Problem details — Range to repeat from the listing below: the line containing "DOUDOU E DENTINALE" down to the line containing "- 집의(集義): 일상", both included. Copy it exactly, pictures excluded, and add nothing else.
──────── Input records ────────
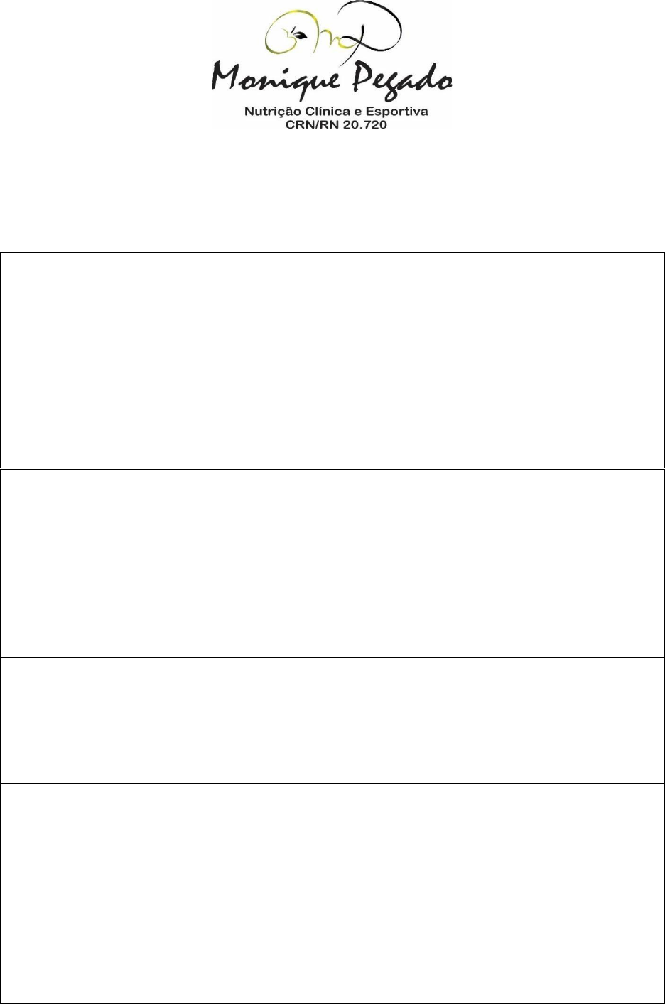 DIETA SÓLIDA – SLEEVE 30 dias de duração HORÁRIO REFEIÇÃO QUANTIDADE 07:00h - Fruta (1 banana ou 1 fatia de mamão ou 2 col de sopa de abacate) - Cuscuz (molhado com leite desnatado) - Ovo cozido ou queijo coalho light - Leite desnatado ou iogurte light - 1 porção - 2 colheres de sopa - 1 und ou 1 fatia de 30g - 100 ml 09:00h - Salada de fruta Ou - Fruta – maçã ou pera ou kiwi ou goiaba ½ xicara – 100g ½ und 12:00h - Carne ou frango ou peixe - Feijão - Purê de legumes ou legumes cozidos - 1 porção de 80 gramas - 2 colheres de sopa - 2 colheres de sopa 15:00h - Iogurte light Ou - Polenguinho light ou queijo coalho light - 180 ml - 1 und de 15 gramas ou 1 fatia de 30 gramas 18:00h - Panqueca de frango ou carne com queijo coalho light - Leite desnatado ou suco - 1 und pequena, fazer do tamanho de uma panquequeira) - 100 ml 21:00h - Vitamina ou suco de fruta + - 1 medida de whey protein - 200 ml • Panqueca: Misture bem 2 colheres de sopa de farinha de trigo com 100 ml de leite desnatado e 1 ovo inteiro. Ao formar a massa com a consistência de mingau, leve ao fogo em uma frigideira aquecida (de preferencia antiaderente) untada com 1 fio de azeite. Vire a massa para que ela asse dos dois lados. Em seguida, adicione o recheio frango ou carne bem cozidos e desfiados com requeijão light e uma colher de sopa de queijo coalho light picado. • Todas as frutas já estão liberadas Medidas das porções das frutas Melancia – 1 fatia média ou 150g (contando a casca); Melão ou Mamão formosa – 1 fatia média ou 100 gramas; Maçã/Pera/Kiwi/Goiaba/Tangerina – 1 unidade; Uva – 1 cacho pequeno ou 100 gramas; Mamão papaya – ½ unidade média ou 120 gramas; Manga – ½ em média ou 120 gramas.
────────
──────── Input records ────────
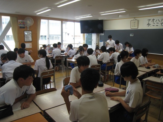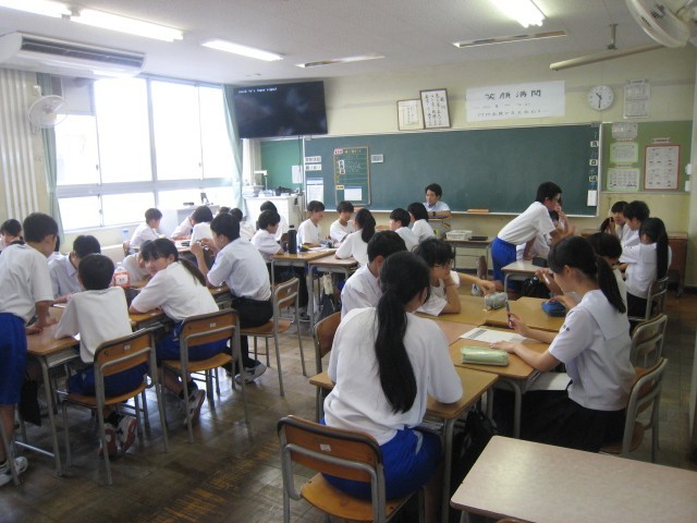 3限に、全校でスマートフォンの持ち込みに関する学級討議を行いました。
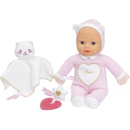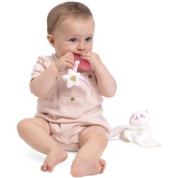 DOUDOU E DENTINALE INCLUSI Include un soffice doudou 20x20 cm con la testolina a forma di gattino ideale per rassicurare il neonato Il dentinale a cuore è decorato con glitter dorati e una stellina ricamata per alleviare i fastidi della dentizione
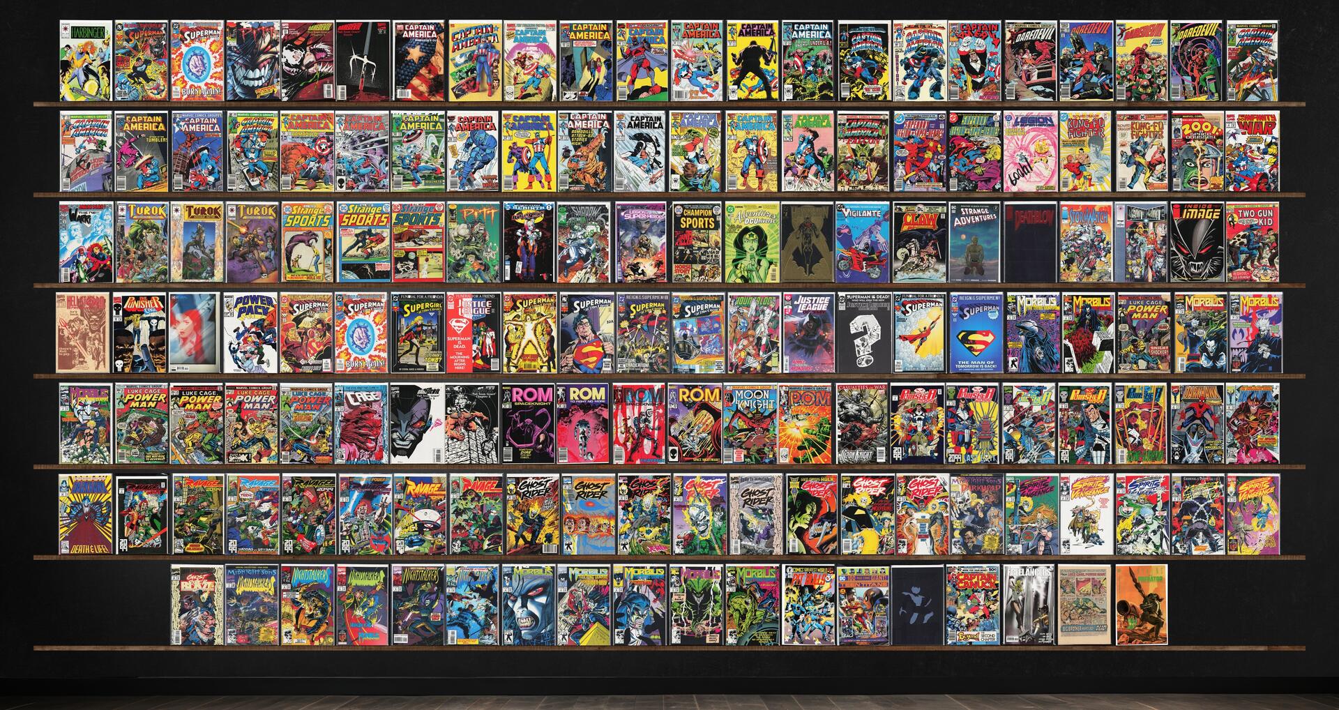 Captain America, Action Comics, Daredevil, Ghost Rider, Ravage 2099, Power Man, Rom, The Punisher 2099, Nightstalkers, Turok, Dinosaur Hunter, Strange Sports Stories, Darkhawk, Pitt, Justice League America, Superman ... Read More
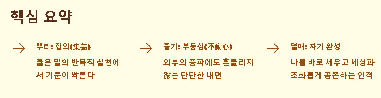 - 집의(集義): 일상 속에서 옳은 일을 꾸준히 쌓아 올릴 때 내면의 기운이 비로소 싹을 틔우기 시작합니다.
────────
Response —
 DOUDOU E DENTINALE INCLUSI Include un soffice doudou 20x20 cm con la testolina a forma di gattino ideale per rassicurare il neonato Il dentinale a cuore è decorato con glitter dorati e una stellina ricamata per alleviare i fastidi della dentizione
 Captain America, Action Comics, Daredevil, Ghost Rider, Ravage 2099, Power Man, Rom, The Punisher 2099, Nightstalkers, Turok, Dinosaur Hunter, Strange Sports Stories, Darkhawk, Pitt, Justice League America, Superman ... Read More
 - 집의(集義): 일상 속에서 옳은 일을 꾸준히 쌓아 올릴 때 내면의 기운이 비로소 싹을 틔우기 시작합니다.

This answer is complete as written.